Do teachers and principals who are supportive of Common Core realize that if they are marked as “highly effective,” they will be redistributed –without their consent– under the banner of equitable education–  to replace teachers and principals in schools that are ineffective?

This “equitable redistribution of teachers” agenda is further elaborated in the document “For Each and Every Child,” (see page 25) published this year by the Equity and Excellence Commission for the U.S. Department of Education.

Picture2

An anonymous teacher said:  “I can’t make teachers understand that the equitable distribution of effective teachers mean that they get moved if they do a good job. Principals don’t get this either. They will no longer have the ability to retain their best teachers.…  a teacher does a good job and has high test scores, so her reward is to be placed in a failing school …. And what about the people who move into a certain attendance area because they like the teachers and principals?  Schools will become revolving doors with no stability or consistency.”
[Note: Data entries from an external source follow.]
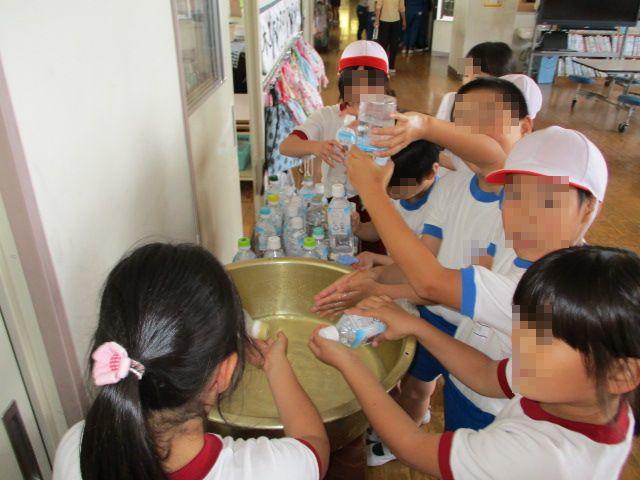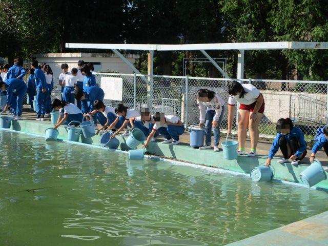 高学年の子どもたちは,トイレの水洗用の水として,プールの水を汲みました。子どもたちの力は絶大で,本当に助かりました。ありがとう!!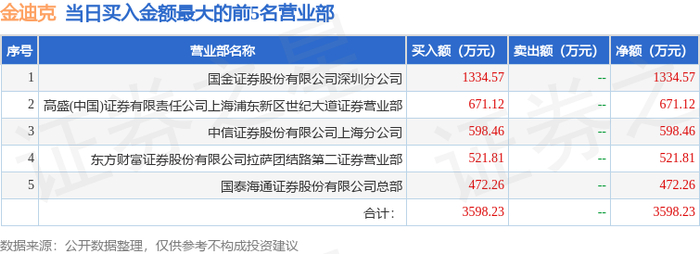 12月3日金迪克(688670)龙虎榜数据
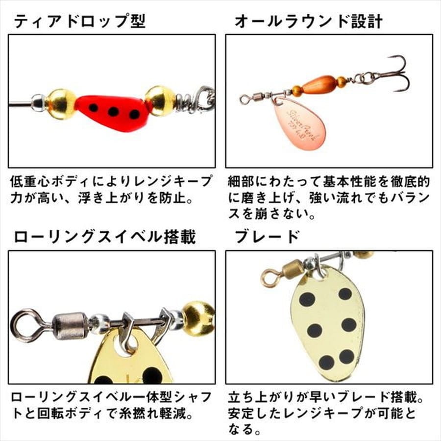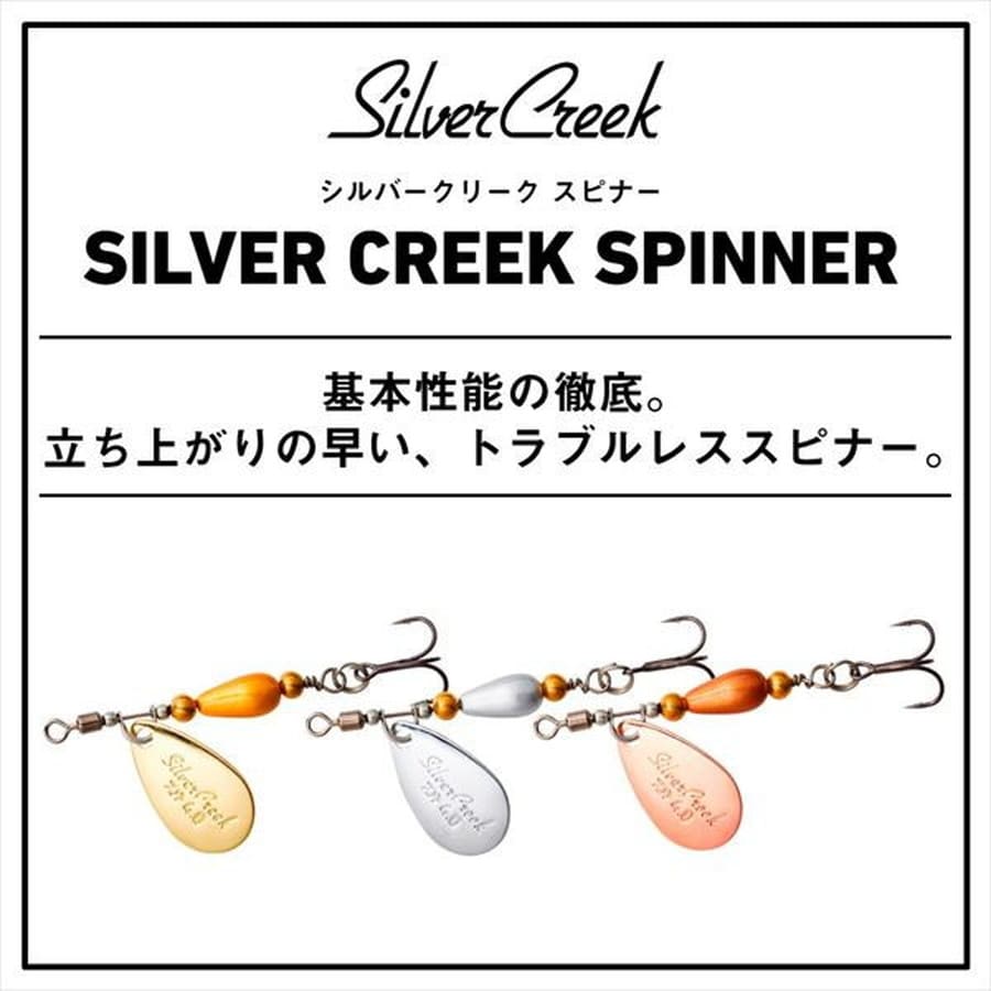 基本性能の徹底。立ち上がりの早い、トラブルレススピナー。スピナーは「投げて巻く」、これだけでとにかく釣れる。シンプルであるがゆえに、ルアーの基本性能は誤魔化しがきかず大切になる。シルバークリークスピナーはこの基本性能を徹底的に見直した。細部にわたって基本性能を徹底的に磨き上げ、強い流れでもバランスを崩さないオールラウンド設計。ローリングスイベル一体型シャフトと中通しの回転するボディにより糸ヨレ軽減。★重量(g):6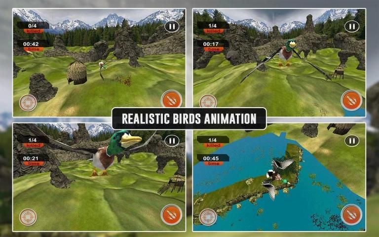 Развивайте свои навыки охоты, как птицы охотник, сбив как много уток, как это возможно.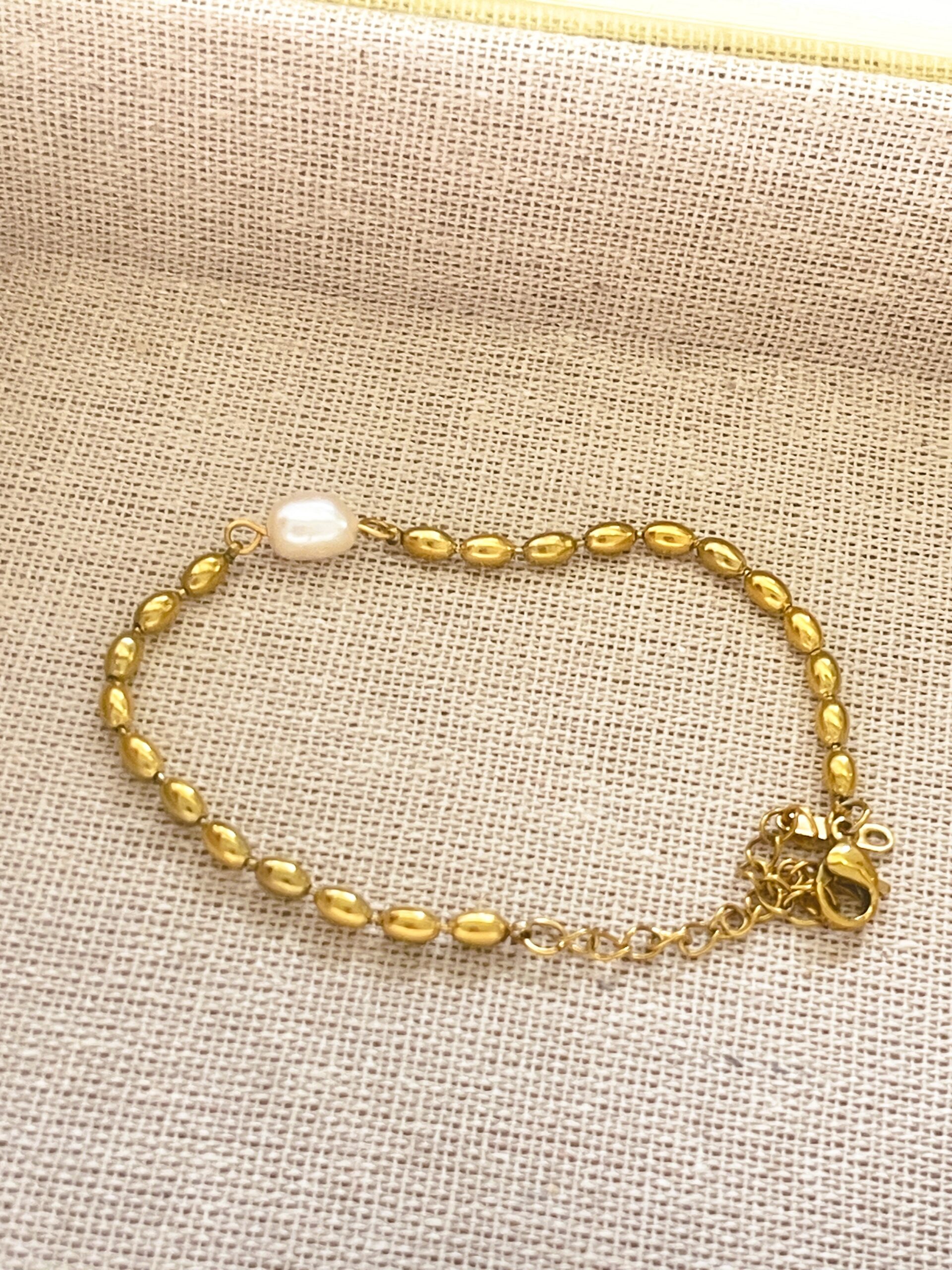 Material: Stainless Steel with Artificial Pearl, 18K Gold plated, Length: 17cm, wt: 10gm, simple minimalistics everyday wear,

I know this all seems conspiratorial…but it is all there in writing for you to see!  It is the literal transformation of our country.   What better way to do it then to start with our education, and affect an entire generation.  That is the Progressive style…slow and steady she goes!

Bill Whittle is quite witty and paints this picture when describing something OTHER than the “Cookie Cutter Common Core”, something MUCH different than has been around since our federal government decided they needed to control education.

“Let’s imagine fourteen-thousand departments of education, one for each school district in America! Let’s imagine, that each one of them trying different approaches….one BAD idea didn’t ruin the entire country for a generation AND good ideas could be copied and modified and improved EVEN more!”

Thanks goes out to Carleen Brophy for pointing this video monologue out to me!

Specials thanks to Christel Swasey and her outstanding research,  that lead me in the right direction and my understanding how Common Core is about MUCH more than JUST STANDARDS.